I've recently been looking with PIX for Windows at an application using Direct3D 9 for rendering. What I've noticed is that the first operations of a given frame on render targets or textures that wrap them seem to take a very long time. The system is running Windows 7 and is not out of graphics memory. No thrashing should thus be happening. What I find interesting is that operations on 16-bit floating point surfaces take about double the time as on 8-bit integer surfaces.
Anyone have any explanation for this phenomena?
-Timo
In D3D9, the driver architecture is such that resources have to be validated when they are used. This increases the overhead of many API calls, and is part of the reason you should optimize to do more with fewer API calls.

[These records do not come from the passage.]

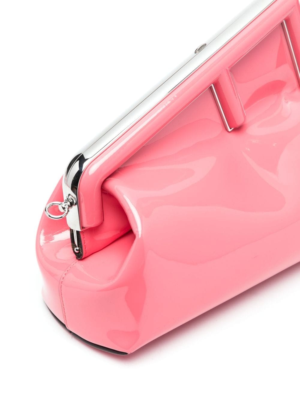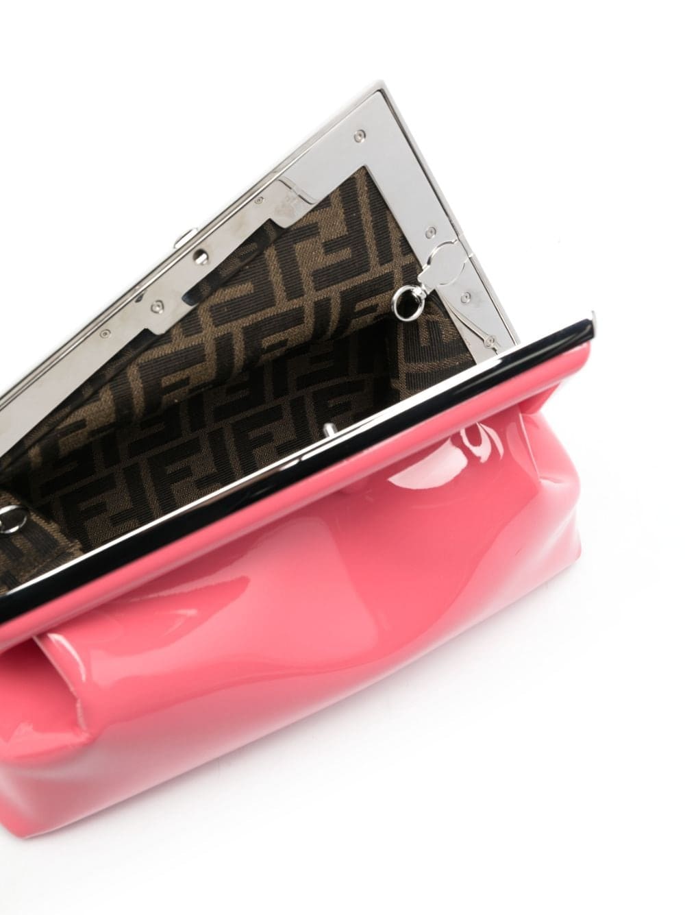 The Italian house introduces the Fendi First bag for SS23. Recognisable by its metal F clasp, this midi version comes in an eye-catching pink patent leather design.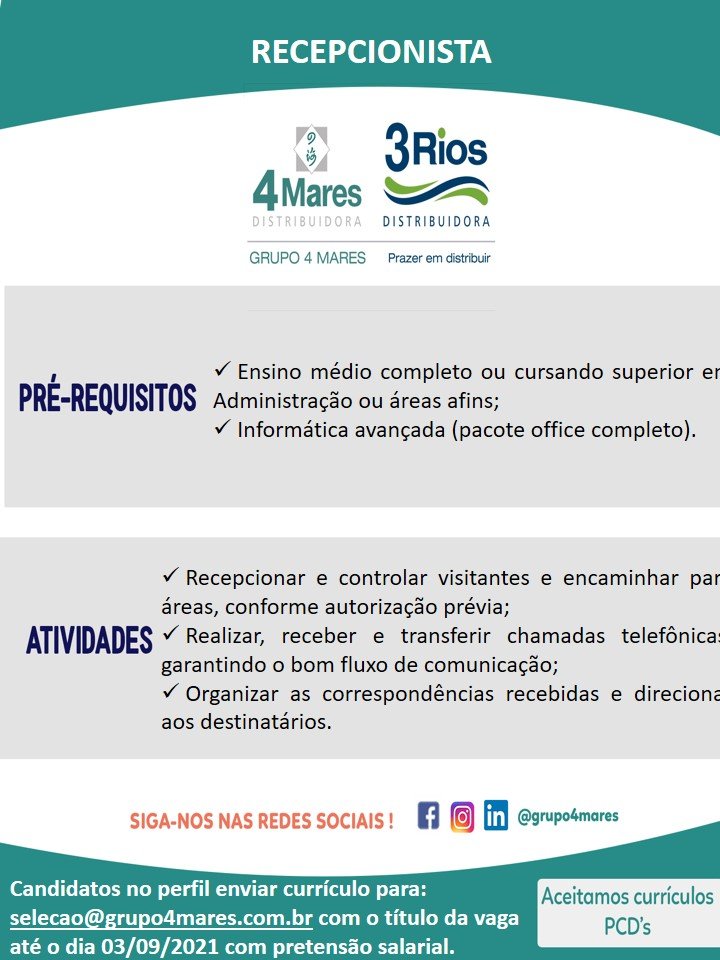 Nunca pague qualquer quantia para participar de um processo para que seja selecionado. Não compre nenhum curso, apostilas ou serviços que prometem participação na seleção ou contratação de uma vaga. E nunca insira dados bancários, cartões ou envie documentos por e-mail ou através de sites que não reconhecem. Não nos responsabilizamos por nenhum tipo de pagamento efetuado.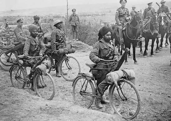 ▲图为一战时期英军的自行车部队,这些士兵是在英军中服役的印度兵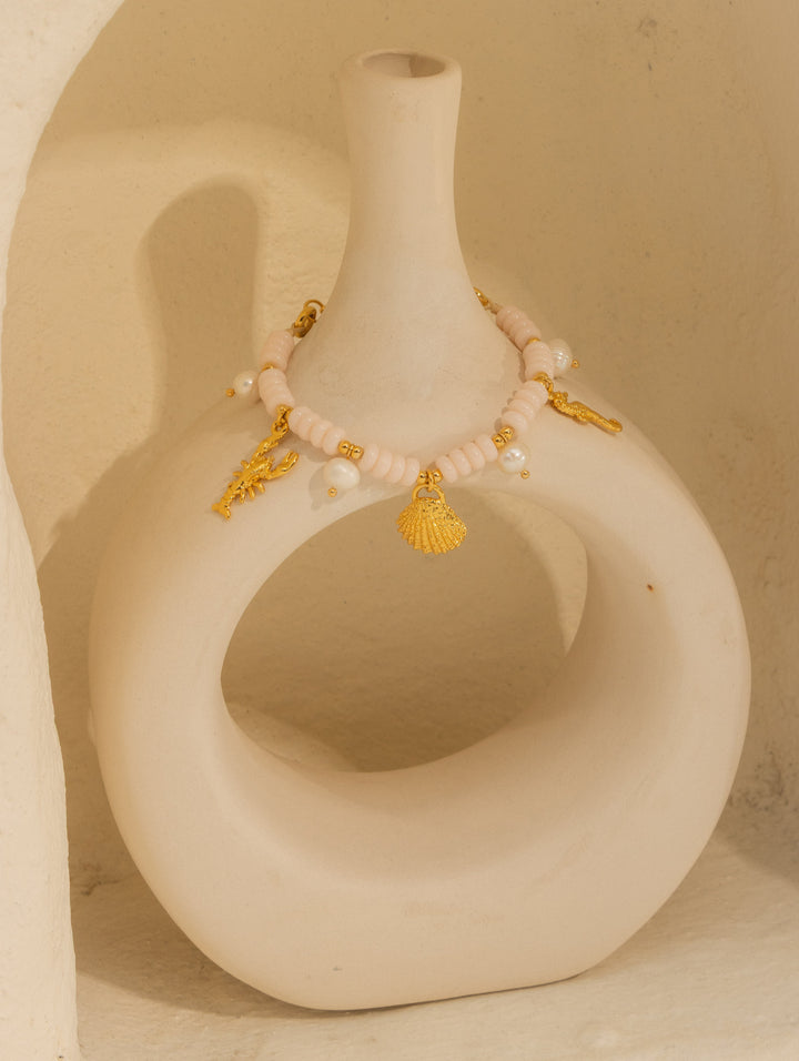 - Dijes de la pulsera en Zamak (aleación de metales) con baño de oro de 24k.

In addition, on older Windows platforms (e.g Windows XP) the D3D driver was completely in kernel-mode, so API calls would invoke a user-mode to kernel-mode context switch (this is not the case in Windows Vista, 7 or 8, which have a user-mode front-end like OpenGL).
In D3D10, resources are validated only when they are created. Likely because D3D10 is layered on top of WDDM, which made the switch from a full kernel-mode to partially user-mode D3D runtime. In WDDM if the D3D runtime crashes it will not cause a kernel panic (BSOD), so validation is not as important. You do not have to be nearly as paranoid about these things when you're running in user-mode.
Now, as for the performance between 8-bit integer and 16-bit fp, this is actually to be expected. Not so much because one is integer and the other is FP (GPUs are great with FP), but because one is twice the size of the other. GPUs have a lot of memory bandwidth, but you can still improve performance simply by using the smallest data type possible.